The Children's Code – getting ready for compliance

The Age Appropriate Design Code (the "Children's Code") came into force on 2 September 2020. With the year-long transition period more than halfway through, time is running out for organisations doing business in the UK to make sure they comply with the requirements of the Children's Code.

The Children's Code will apply where personal data is processed in the provision of digital services which are likely to be accessed by users under 18 (a much broader range of services than those explicitly designed for or targeting under 18s).

It is a statutory code of practice, prepared by the Information Commissioner's Office (the "ICO and is the first of its kind in Europe, designed to specifically address the handling of children's personal data. 

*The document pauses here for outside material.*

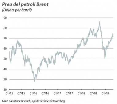 El petroli s’encareix. En el context de millora del sentiment inversor de l’abril, el preu del barril de Brent es va mantenir a l’alça i, de manera puntual, va arribar a superar els 75 dòlars, després que els EUA confirmessin el final de les exempcions de sancions als importadors de cru iranià. Això es va sumar a les declaracions d’alguns membres de l’OPEP de no dur a terme grans mesures per compensar la davallada de les exportacions de l’Iran, tot i que l’OPEP i els seus principals socis encara han de valorar l’extensió de l’acord de retallades a la producció que ha esperonat la recuperació del preu del cru en els últims mesos (probablement en la reunió del juny).

The Children's Code contains 15 interconnecting standards that set out the requirements online services must meet to make their services suitable for children. Topics include data minimisation, parental controls, and connected toys. The Children's Code sits alongside data protection legislation (the Data Protection Act 2018 and the UK GDPR) to provide structure and detailed guidance to service operators' data privacy compliance efforts, and standards for the regulator to consider when determining the legality of processing activities.

What sort of services are captured by the Children's code?

The code contains guidance on standards of age-appropriate design for information society services likely to be accessed by children, not just sites actively targeting children. This will prove challenging for many site operators since information society services of various sorts can be found across many sites, apps and portals covering a huge swathe of online activity.

The Children's Code will create significant work for operators whose services do not target children but may be accessed by individuals of all ages – for example, news sites, social media sites, and aggregators which are likely to be accessed by older teenagers. They will need to work out what age range to pitch not only the policies and privacy notices but also the design and functionality of the whole site.

Will this apply to my organisation?

The ICO says that a service is "likely" to be accessed by under 18s if the possibility is "more probable than not". But despite the publication of some helpful guidance it is still not clear how this assessment should be made and organisations will have to undertake their own reviews and risk assessments using their own judgement. More ICO guidance may be available in the coming months, but organisations need to act now to meet the Children's Code standards before the 2 September 2021 deadline. 

For many organisations, a review of policies and data gathering procedures will indicate some changes that can be easily made, but for others, compliance with the Children's Code will be a significant challenge – particularly for services that are not designed for children but are still likely to be accessed by them.

What does the Children's Code require us to do?

• To meet the 15 standards, many organisations will need to undertake significant assessments of their services and their user base; some form of audit or review is the first step to making that assessment and it is crucial that the right people are involved in the process from the beginning.
• The requirements of the Children's Code should be factored into the product and service design and development process now including any data privacy impact assessments, as part of the privacy by design and default approach.
• Once issues are identified, time and resources should be allocated to resolving them, but the decisions won't always be straightforward. The need to verify user age may conflict with a desire to minimise the collection of user data and the rights of children to privacy even against their own parents in some cases, are difficult to protect while ensuring online safety. All decisions should be recorded in detail for future reference and mitigation.